■ PROMPT
Reproduce, exactly and in full, the lines from the one with "Cette période de" through the one with "At first the" in the data below; drop pictures.

■ RECORDS FOR THIS EXERCISE
- - - - - - -

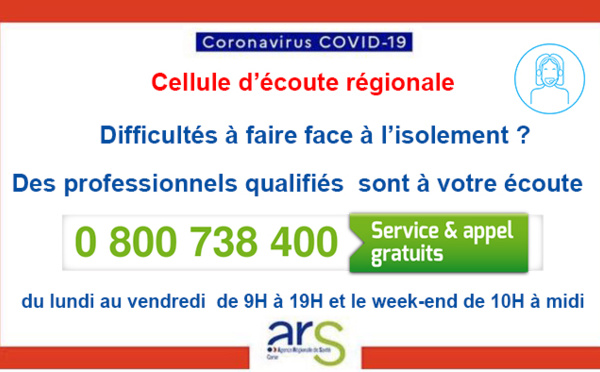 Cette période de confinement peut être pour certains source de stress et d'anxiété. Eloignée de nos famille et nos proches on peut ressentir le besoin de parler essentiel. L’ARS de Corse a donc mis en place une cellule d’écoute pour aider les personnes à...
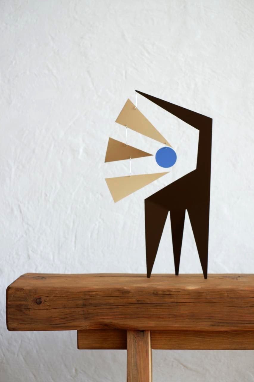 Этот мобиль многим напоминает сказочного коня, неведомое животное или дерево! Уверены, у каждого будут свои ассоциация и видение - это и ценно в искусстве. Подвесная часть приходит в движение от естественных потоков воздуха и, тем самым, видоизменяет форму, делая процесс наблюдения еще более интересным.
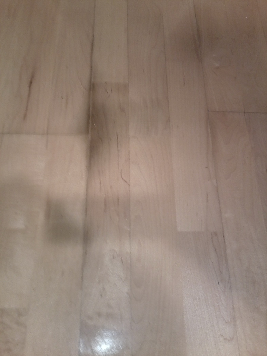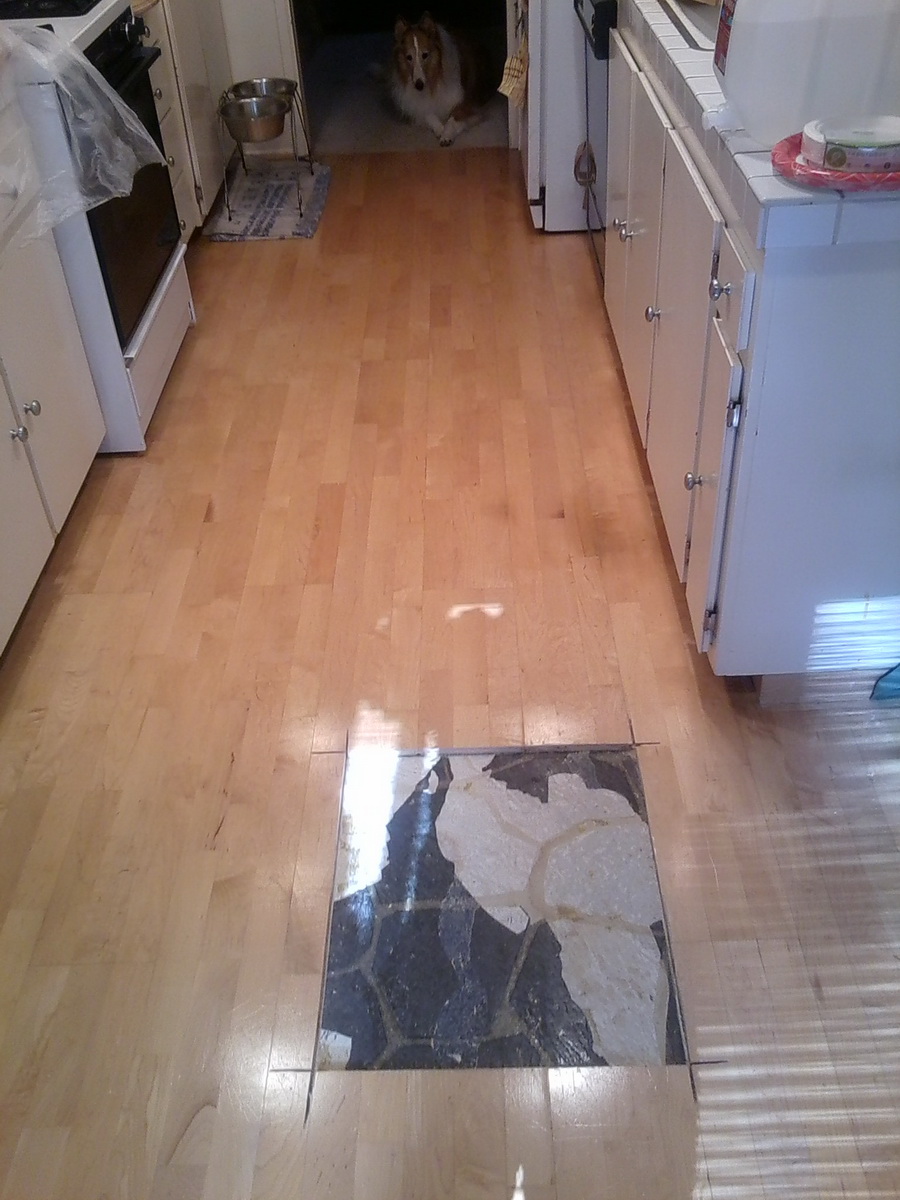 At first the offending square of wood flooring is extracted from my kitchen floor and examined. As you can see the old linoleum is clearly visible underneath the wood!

- - - - - - -

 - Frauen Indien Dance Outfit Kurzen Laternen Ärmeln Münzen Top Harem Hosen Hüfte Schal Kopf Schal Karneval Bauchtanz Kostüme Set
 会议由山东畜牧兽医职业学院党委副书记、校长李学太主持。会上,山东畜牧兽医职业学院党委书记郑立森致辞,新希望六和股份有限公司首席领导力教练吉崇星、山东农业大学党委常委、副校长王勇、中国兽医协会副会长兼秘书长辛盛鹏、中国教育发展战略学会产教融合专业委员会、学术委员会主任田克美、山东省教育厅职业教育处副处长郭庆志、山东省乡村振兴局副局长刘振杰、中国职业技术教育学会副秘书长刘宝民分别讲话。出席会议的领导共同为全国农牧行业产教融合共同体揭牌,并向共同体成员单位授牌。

- - - - - - -

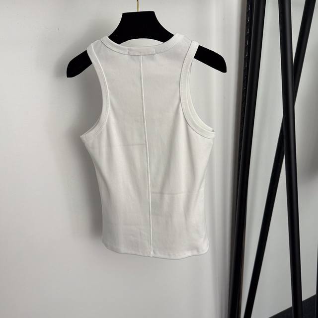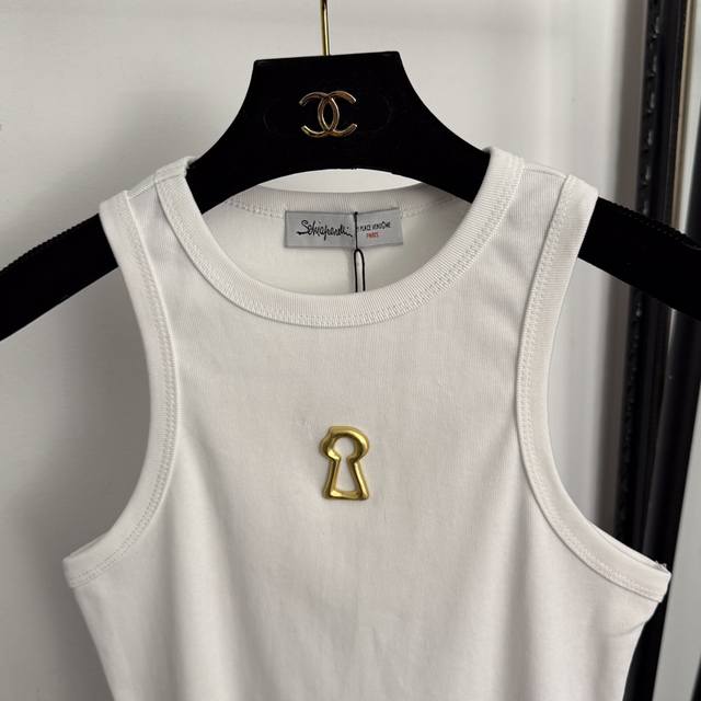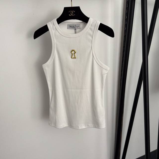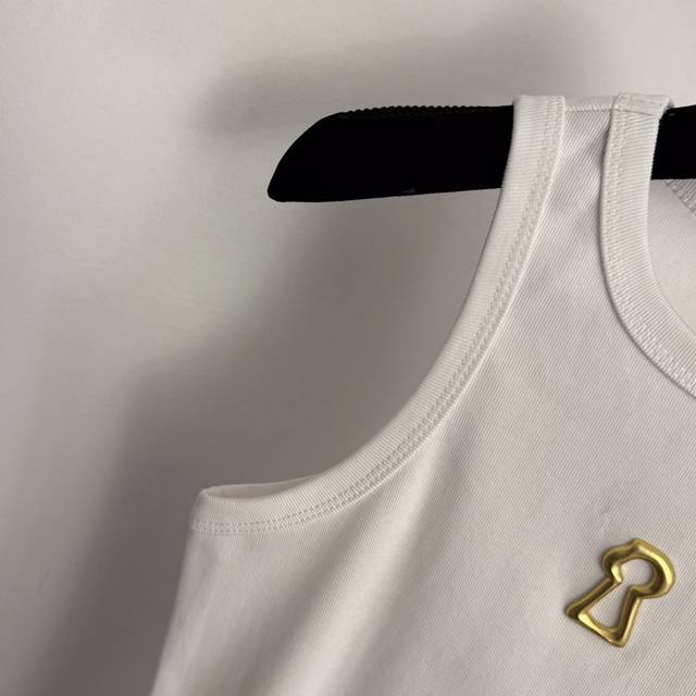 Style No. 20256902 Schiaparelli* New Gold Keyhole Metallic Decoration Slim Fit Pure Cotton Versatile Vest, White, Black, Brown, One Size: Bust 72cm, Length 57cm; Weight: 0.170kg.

- - - - - - -

■ REPLY TO THE TASK
 Cette période de confinement peut être pour certains source de stress et d'anxiété. Eloignée de nos famille et nos proches on peut ressentir le besoin de parler essentiel. L’ARS de Corse a donc mis en place une cellule d’écoute pour aider les personnes à...
 Этот мобиль многим напоминает сказочного коня, неведомое животное или дерево! Уверены, у каждого будут свои ассоциация и видение - это и ценно в искусстве. Подвесная часть приходит в движение от естественных потоков воздуха и, тем самым, видоизменяет форму, делая процесс наблюдения еще более интересным.
 At first the offending square of wood flooring is extracted from my kitchen floor and examined. As you can see the old linoleum is clearly visible underneath the wood!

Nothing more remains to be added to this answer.